Остановка

Зоя Богуславская
100
10
(1 голос)
0 0

Аннотация: Современный читатель хорошо знаком с творчеством Зои Богуславской. Она автор широко известных книг «Семьсот новыми», «…и завтра», «Наваждение», «Гонки», «Транзитом», «Защита».

Книга добавлена:
17-01-2023, 12:58
0
192
88
Остановка

Читать книгу "Остановка"



Да, ее бегство было напрасным. Это стало ясно в первую же минуту, как Куранцев увидел ее. Как могла она в горячке самомнения не предугадать того, что случится. Неужели она воображала, что его слова о разрыве — шутка, что с ней он поступит иначе, чем с другими?

Очевидно, в мозгу ее произошла подмена — она предположила, что невероятный поступок, на который она рискнула, убежав, из реанимационной, вызовет ответную реакцию; поняв силу ее привязанности, он перестанет говорить о разрыве. Откуда ему было знать об опасности, которой она себя подвергала? Ему не было никакого дела до того, отчего она сбежала и как сюда попала. Она стала просто лишней помехой на пути его сборов, грозивших срывом гастролей. Потом-то она все это увидела собственными глазами.

В момент, когда Любка появилась, Куранцеву сообщили о двух непредвиденных осложнениях. Тяжело заболел ударник, а гитарист требует включить в поездку жену, иначе он ехать не сможет, дома дошло до развода.
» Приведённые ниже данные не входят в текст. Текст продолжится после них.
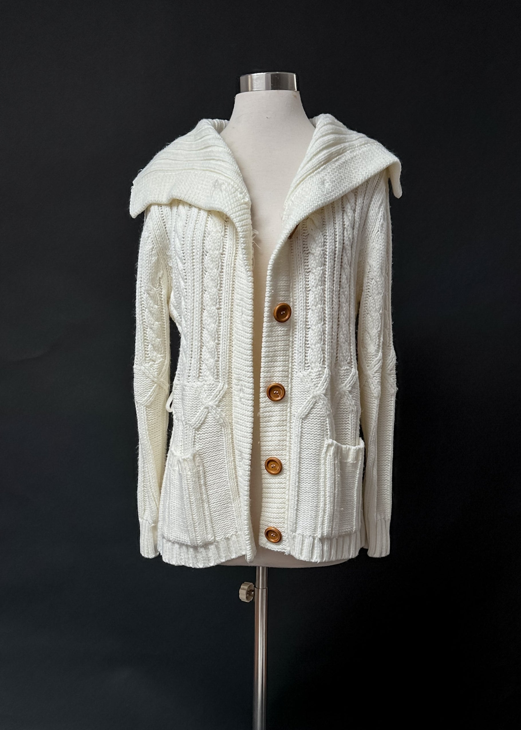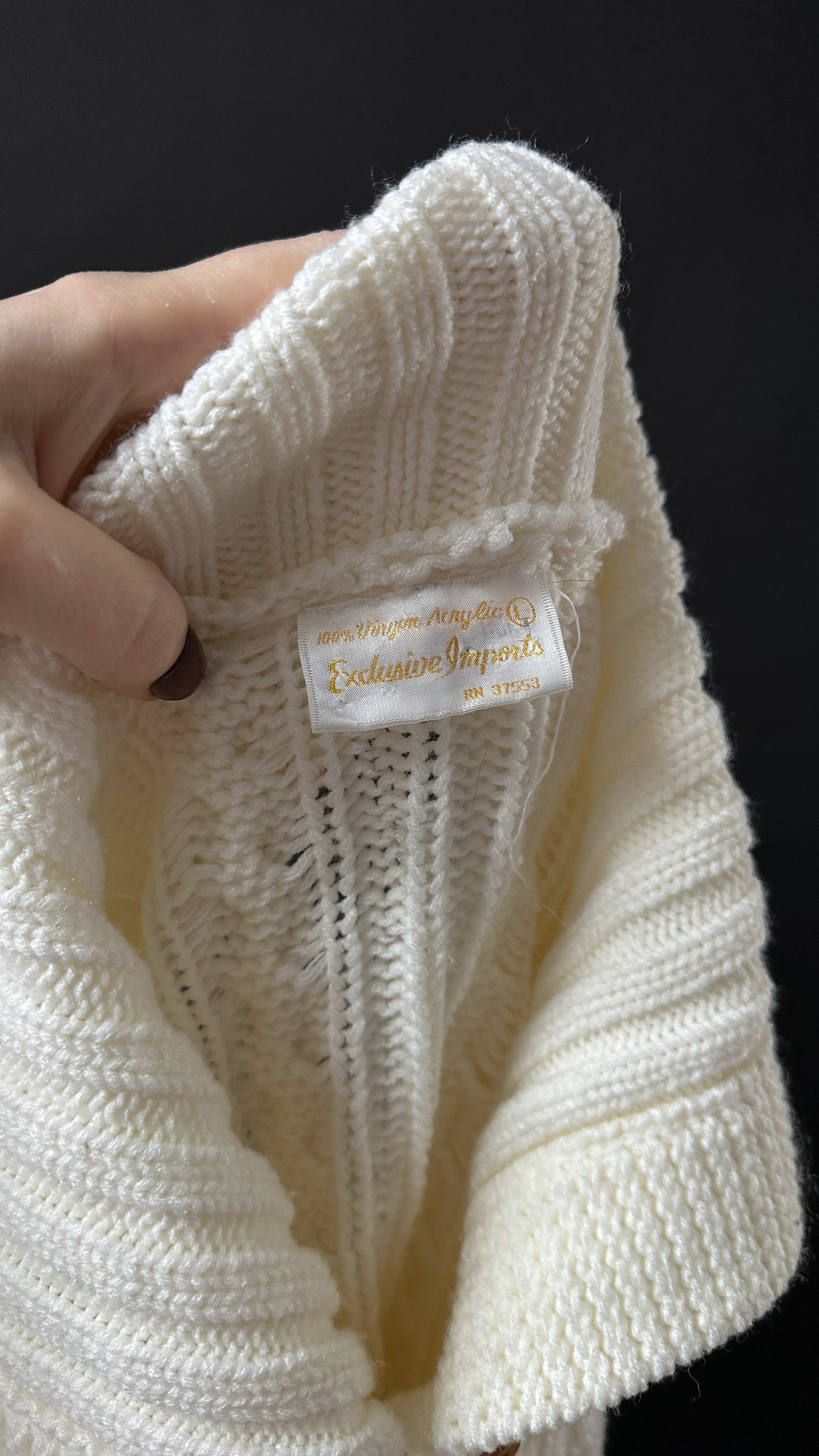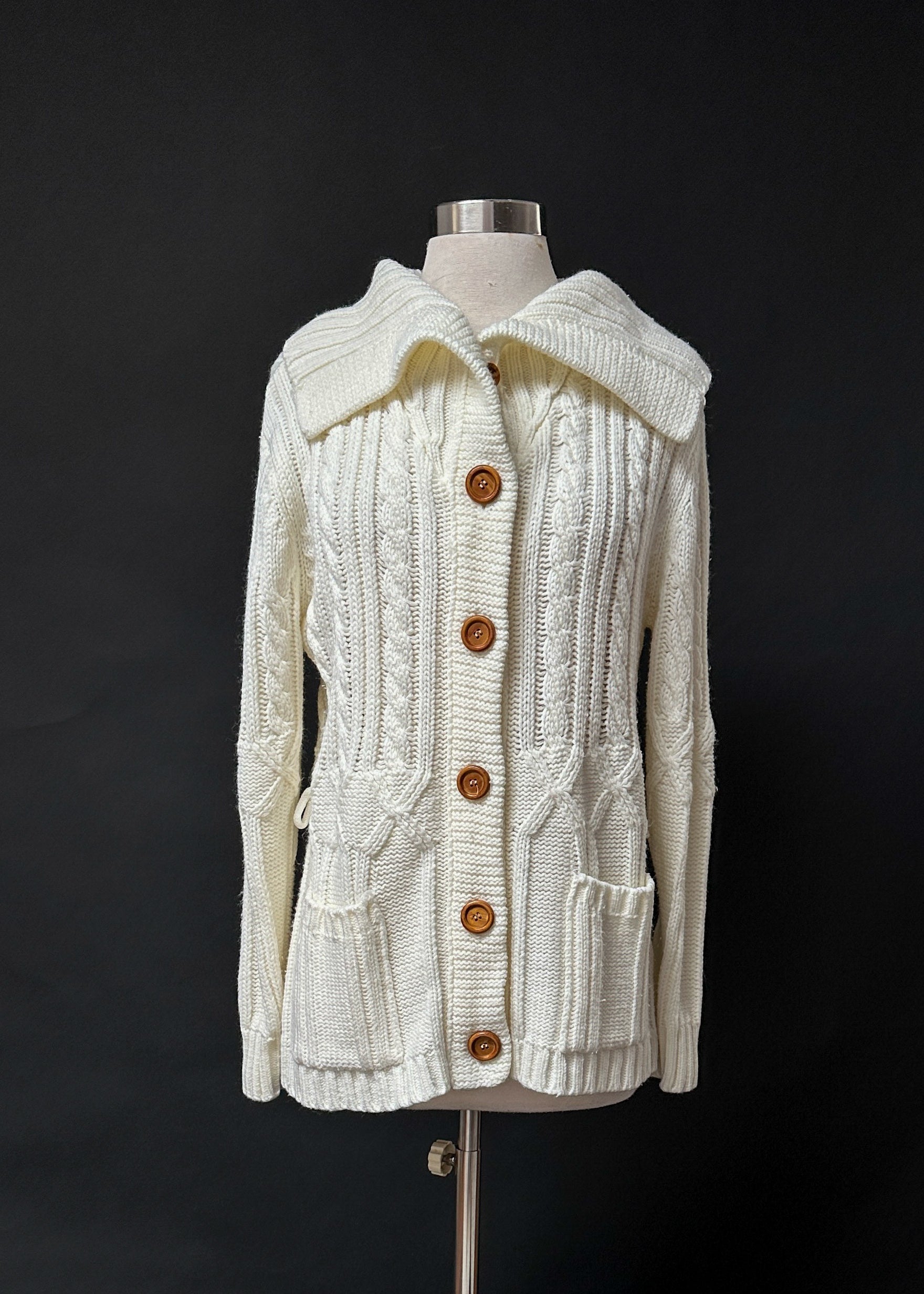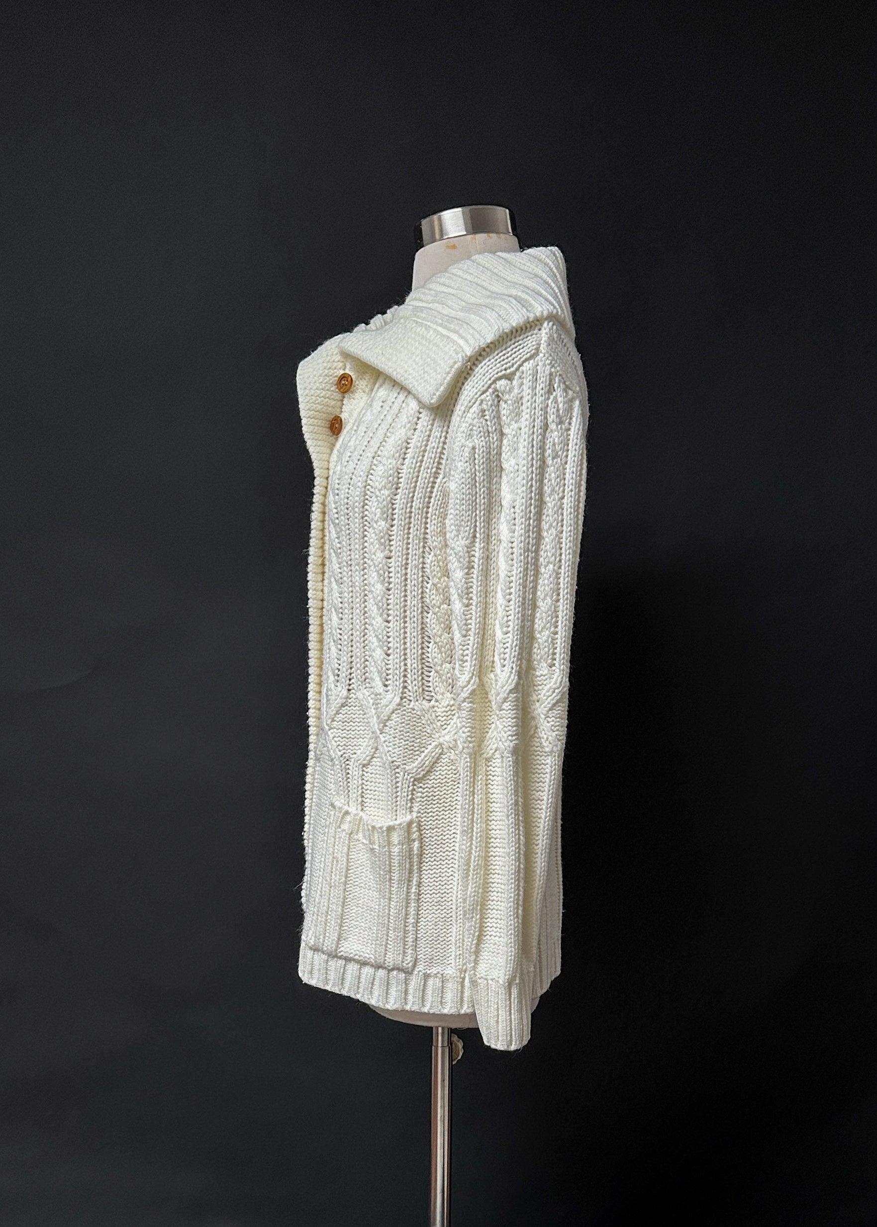 Vintage 70s Cream Folded Collar Thick Knit Cardigan (S/M)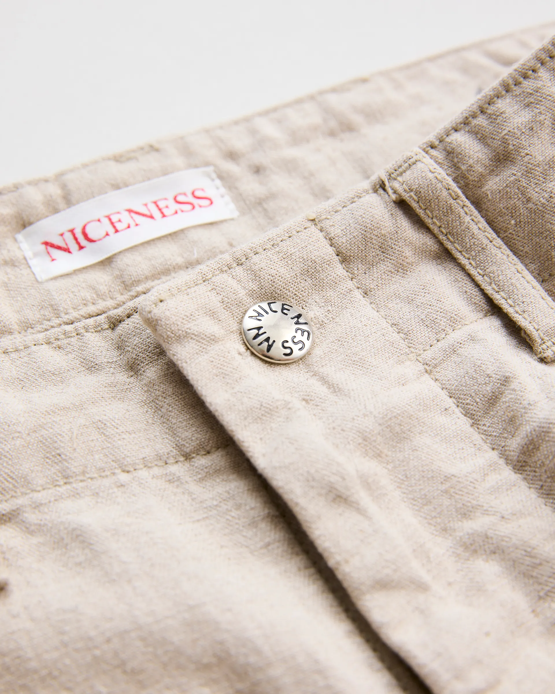 リネン60%・コットン40%の混紡糸を使った綾織りの綿麻ヘリンボン素材で製作したユーティリティパンツ。最大の特徴は前後どちらからも調整できる「前後倒し」サイドベルト仕様。ウエストの絞り位置によって異なるドレープが生まれ、シルエットやフィット感を自在に変えられます。生地は麻の粗野感や独特の風合いを引き出す“麻勝ち”の混紡糸で仕上げ、約10オンスの程よい肉感により通気性と耐久性を兼ね備えています。着始めから肌に馴染むよう、素材に適度なこなれ感を持たせる特殊な仕上げを施しています。

Любка не придумала ничего другого, как сделать вид, что ее выписали.

— Не обращай на меня внимания, — сказала беспечно. — Я побуду с тобой, может, что надо.

Он бегал по своим делам, но она не смогла таскаться с ним весь день, куда ей! Она поехала в Госконцерт, в репертуарный отдел, а с этажа на этаж — и здоровый рухнет. Казалось, он никогда не разделается со всем этим, не уладит всех мелочей.

— Извини, — бросил он ей под вечер, — мотай отсюда, видишь, что творится. Попозже загляни ко мне. Часам к восьми.

Конечно, в восемь его дома и в помине не было, ведь понимала же, что он просто так сказал, чтобы отвязаться, и все равно потащилась.

До часу ночи она болталась в подъезде, сидя на подоконнике, голова кружилась, подступающая к горлу тошнота грозила разразиться рвотой. Посмотрелась в зеркальце и ужаснулась — бледные губы, горящие, затравленно-решительные глаза. Было уже слишком поздно, за всеми дверями давно стихли голоса, сквозь дрему Любка услышала его шаги, тяжелые и летящие одновременно. Она переждала, когда он вошел к себе, потом спустилась, позвонила в дверь, так, будто только что подъехала на такси. Не успел Володька расспросить ее, выпить чаю, хотя бы перевести дыхание, как подъехал тот самый гитарист с женой, которую он требовал взять в гастрольную поездку. Не обратив на Любку ровно никакого внимания, будто она пустое место, муж начал качать права, и Куранцев целиком переключился на него. Когда гитарист кончил излагать свои претензии, Куранцев стал убеждать его повременить с женой, пока они устроятся на новом месте, для него у Володи нашлись задушевные интонации, улыбка, шуточки, он просто колесом вертелся перед этим лабухом, лишь бы уговорить. Любке это надоело, она ушла на кухню, невыносимая слабость валила ее с ног, она откинулась на диван и уснула, не услышав, когда они разошлись.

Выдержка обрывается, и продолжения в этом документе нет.